FRIDAY, OCTOBER 19 So we've been dying to know: Where was Britney going in such a hurry when she ran over that poor man's foot?! Here's a guess: Maybe she was late to meet with her court-appointed parenting coach? No, that couldn't have been it. "Sources say Britney had a scheduled time to meet the coach yesterday at her Malibu home. The coach made the trek, but no Britney," TMZ reports. And there's more: "We're told during the hearing earlier this week, the coach phoned in and asked... if she could end the home visits, presumably because they were going nowhere." (Shocking!) So the question remains: Why was the Britta in such a hurry? Here's another guess, and this one makes way more sense: Maybe she wanted to hide her new lips? Turns out Brit was leaving a plastic surgeon's office when she ran over the paparazzo's foot, and she was suspiciously covering her mouth—where what appeared to be two giant pink sausages were glued to her face. Say what you will about Britney, but at least she has her priorities. MEANWHILE... Get this: Paris Hilton wants to be cryogenically frozen, and Australia's the Herald Sun quoted her as saying, "My life could be extended by hundreds and thousands of years." Fingers crossed, people. Fingers crossed.

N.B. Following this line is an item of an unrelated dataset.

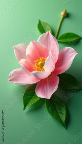 © Thanwara, Fototapeta premium Delicate flower petals unfolding on a plain surface, leafy greens, plant, green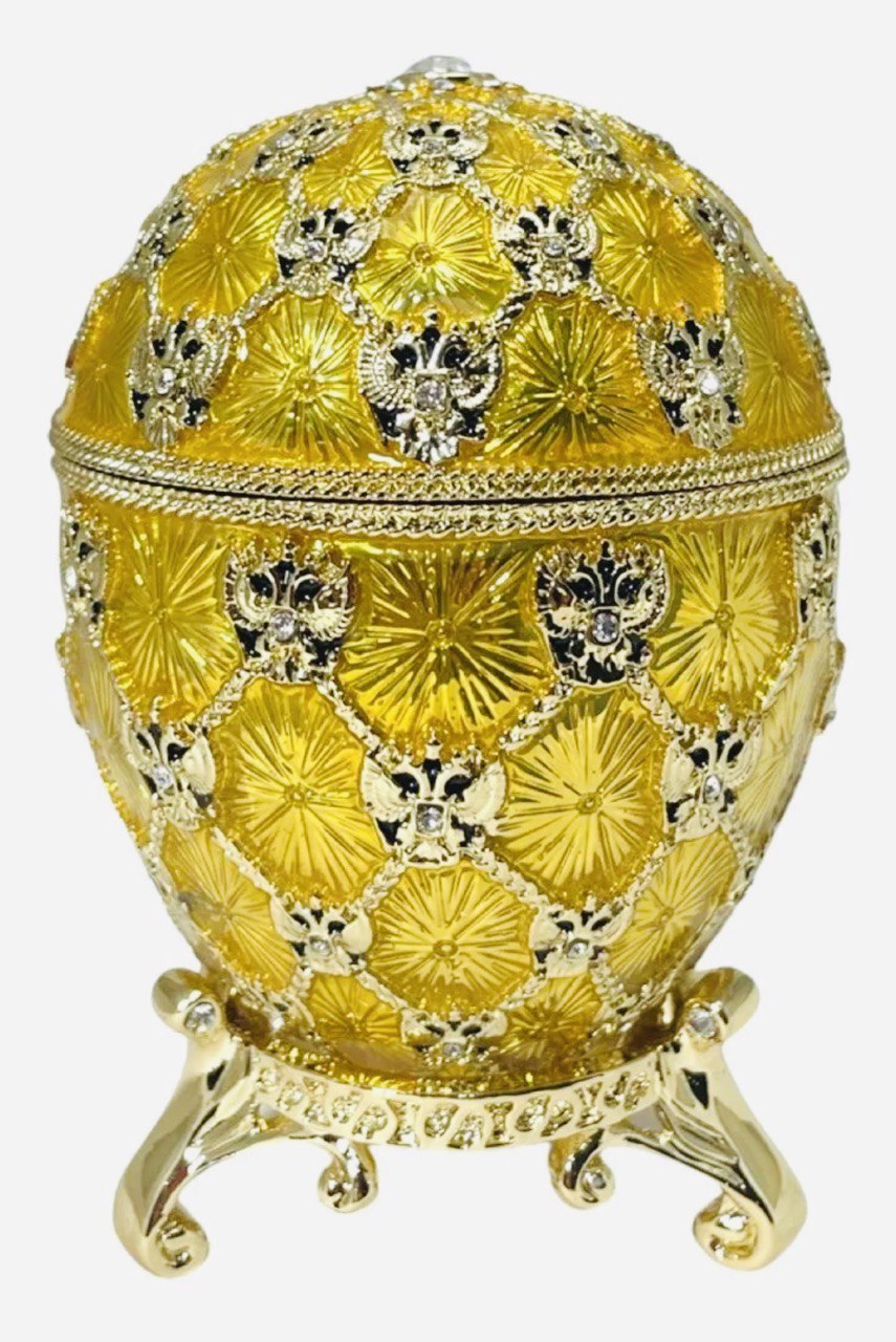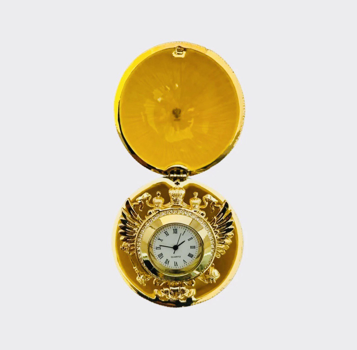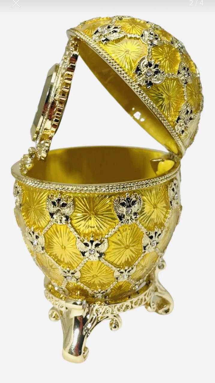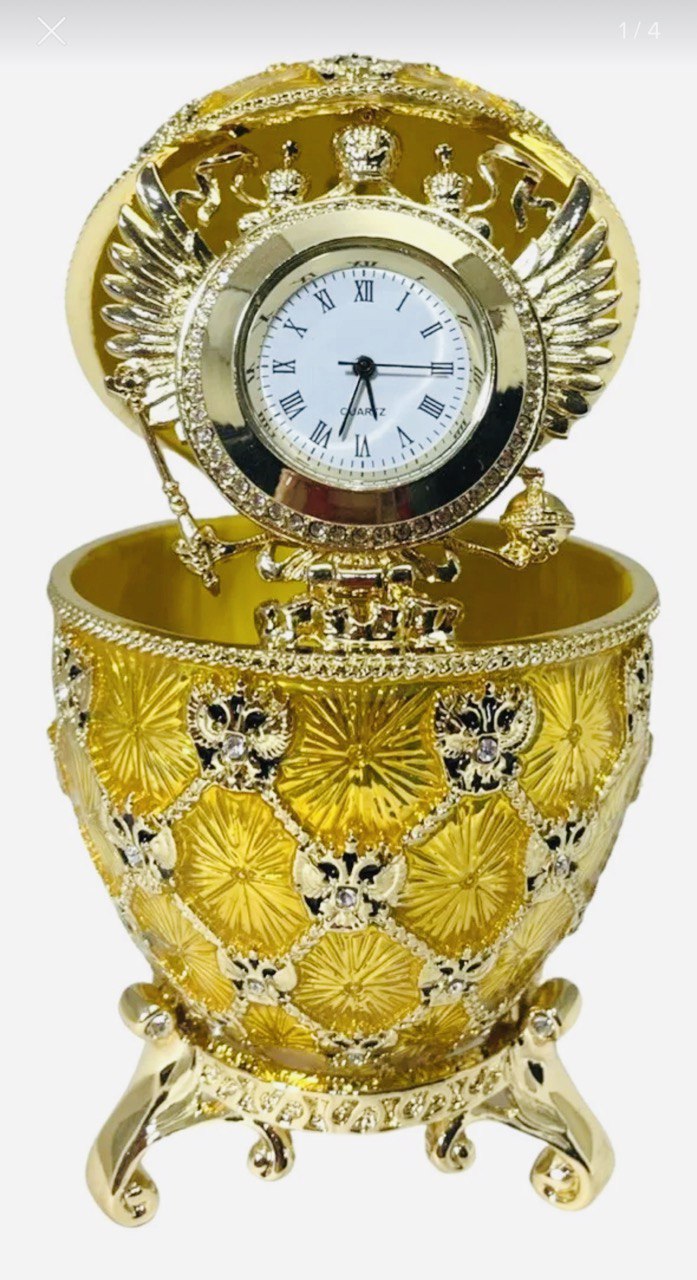 Réplica original de los famosos Huevos de Fabergé de marca AKM certificado, de San Petersburgo, Rusia. Metal con porcelana fina y cristal swarovsky, Este modelo de Reloj Imperial viene con reloj de pila. Excelente regalo en el cual podrán guardar sus joyas preferidas. Estos huevos originalmente los elaboraba el joyero Fabergé para la familia Romanov, los últimos zares de Rusia. Al abrir el huevo colocando a la vista el reloj, mide 12 cm de alto.

SATURDAY, OCTOBER 20 Today an imaginary wizard became the most famous gay person on the planet. Last night at a reading in New York, a young Harry Potter fan asked author J.K. Rowling if Albus Dumbledore ever found true love. "Dumbledore is gay, actually," Rowling responded, causing the assembled dweebs to react first with shocked silence, then with cheers. According to Rowling, the ridiculously named Dumbledore was in love with an even more ridiculously named wizard, Gellert Grindelwald—and when Grindelwald turned evil, Dumbledore was "horribly, terribly let down." Huh. How about that. Well, anyway—live it up, you sad, lonely writers of erotic Harry Potter fan fiction! Today is your day to straighten your inch-thick glasses, wipe the drool from your "I've Got Wood for Luna Lovegood" t-shirts, and proudly proclaim, "I told you so!" Yes, pervy dweebs—today is your day! Your only day. Ever. Enjoy it! (Wedgies will resume tomorrow, promptly at 8 am.)
SUNDAY, OCTOBER 21 Today Britney Spears regained visitation rights to her children. With all natural laws of logic and decency so brazenly and bewilderingly defied, the universe promptly exploded.